CO₂气爆过程中两次超声波波幅的出现并非偶然，其反映了爆生气体协同应力波促进裂纹扩展的实质性。应力大小可以反映应力波与爆生气体协同作用的强弱，应力越大，协同作用越强，裂纹扩展越充分。应力与衰减系数在峰值时间段的重合现象，说明该时间段应力波与爆生气体的协同作用最强。对角线方向上应力强度因子的水平分量与竖直分量基本持平且试样的裂纹扩展最深，说明水平分量与竖直分量越接近煤岩体越容易开裂。自由面的增加诱发了空孔效应，CO₂气爆过程中压缩波与反射波迭加产生径向拉应力，突破煤岩体抗压强度后，发生破碎，爆腔内压力逐渐达到峰值，在爆孔与空孔之间形成一条近似直线的主裂纹通道，对煤岩体裂纹扩展起导向作用。此时，应力与衰减系数均达到峰值，煤岩体内部损伤最为剧烈。

采用LS-DYNA软件，分别在不含空孔和含空孔条件下，模拟研究CO₂气爆后煤岩体爆孔孔周裂纹扩展规律，具象化反映空孔的导向性。数值模拟CO₂气爆下含空孔煤岩体裂纹扩展特征演变情况，发现0.13s主裂纹通道形成，0.18s煤岩体应力达到峰值且能量耗散最大。能量与应力的负相关关系与试验结果一致，表明CO₂气爆过程中，空孔效应为煤岩体裂纹扩展提供了良好的导向作用。本文将理论分析、试验探究及数值模拟有机结合，完善了CO₂气爆致裂的基础理论体系，阐明了爆生气体对应力波的协同作用，反映了空孔效应影响的煤岩体裂纹扩展特征规律，能够指导CO₂气爆技术安全高效的应用于煤矿生产现场，对进一步强化煤层增透效果、提高瓦斯抽采效率具有重要现实意义。
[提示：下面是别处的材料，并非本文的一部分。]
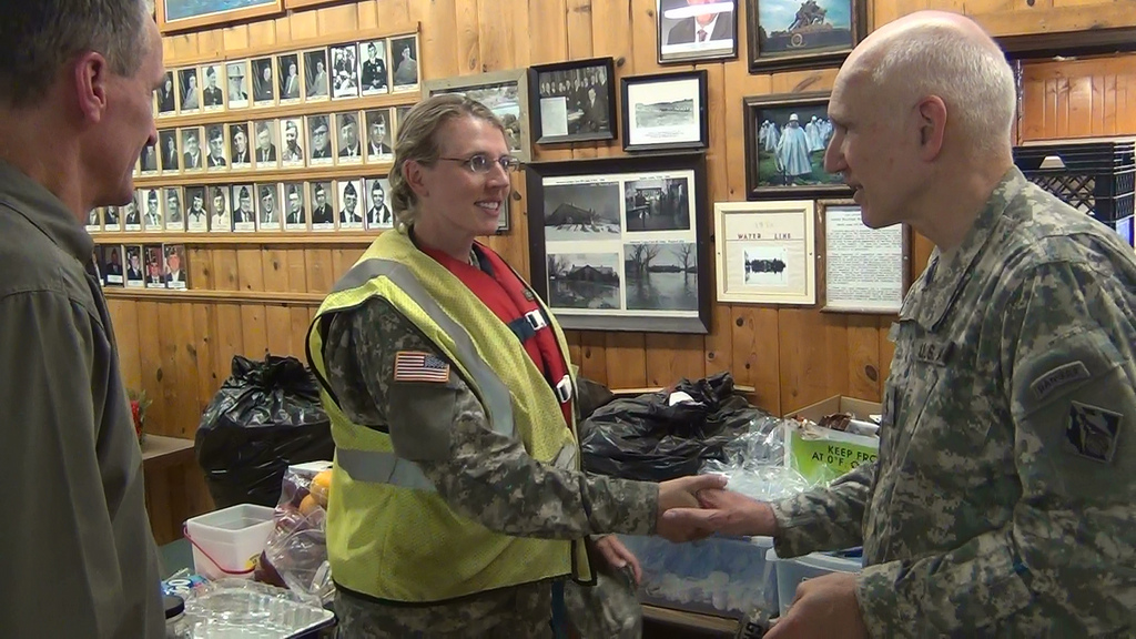 South Dakota Gov. Dennis Daugaard watches as Maj. Gen. William Grisoli presents Capt. Jeri Foshiem of the South Dakota National Guard with a commander's coin for her leadership efforts on monitoring levees in Pierre and Fort Pierre, S.D.
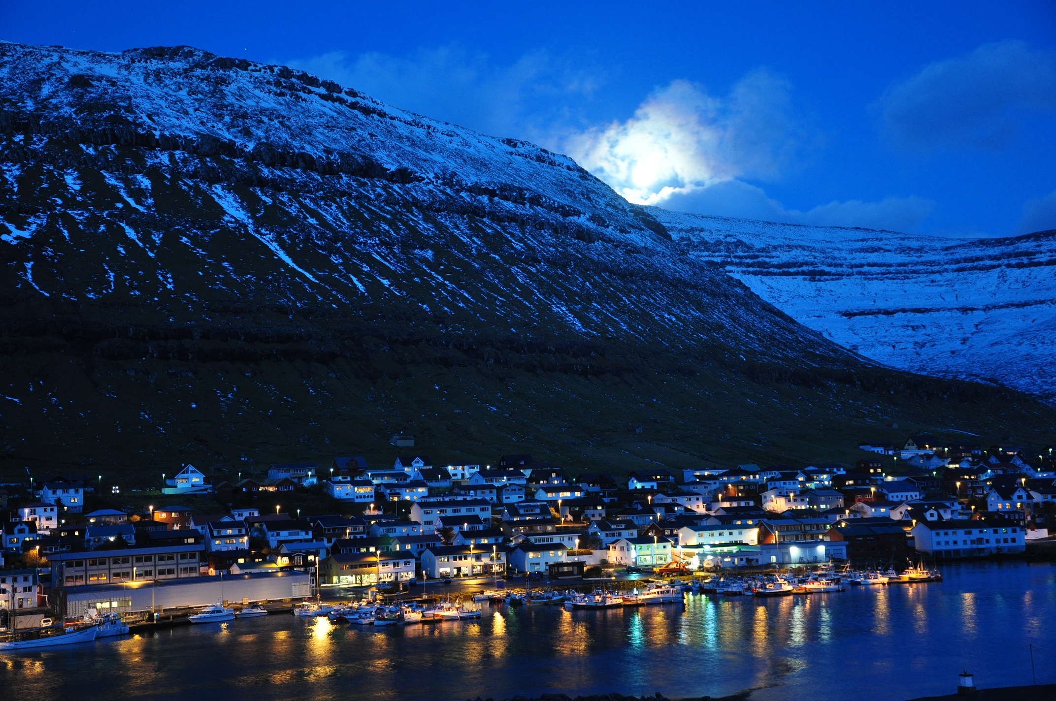 Moonrise over Klaksvík (Borðoy, Faroe Islands, Denmark), seen from Hotel Klaksvík.

Deep coal seam has the characteristics of high gas and low permeability. As one of the effective means to increase the permeability of coal seam, CO₂ gas blasting can significantly improve the efficiency of gas drainage. Therefore, exploring the mechanism of CO₂ gas blasting can ensure the safety and economy of this method applied in coal mine production sites. Based on elastic mechanics and fracture mechanics, the crack propagation mechanical model of CO₂ gas blasting coal mass is constructed in this paper. The relationship between the stress wave intensity and the crack propagation trace length is described, and the energy addition effect of blasting gas is explained. When the coal and rock mass without void is impacted by CO₂ gas, the tensile stress load distributed around the boundary is produced under the action of stress wave, which causes the coal seam to crack in the circumferential direction from the center. After absorbing the energy of the shock wave, the blasting gas expands and releases a certain amount of energy, which produces a synergistic effect on the stress wave, which promotes the full development of cracks around the blasting hole in coal and rock mass. The void effect is introduced to consider the influence of freedom on crack propagation. The physical tests of CO₂ gas blasting with and without voids were carried out respectively. The surface displacement of the sample was observed by an optical non-contact strain measurement system (VIC-3D), and the law of crack propagation around the burst hole in coal and rock mass was analyzed. The amplitude in the blasting process is collected by the ultrasonic monitoring system, and the attenuation coefficient is calculated to reflect the internal damage of coal and rock mass.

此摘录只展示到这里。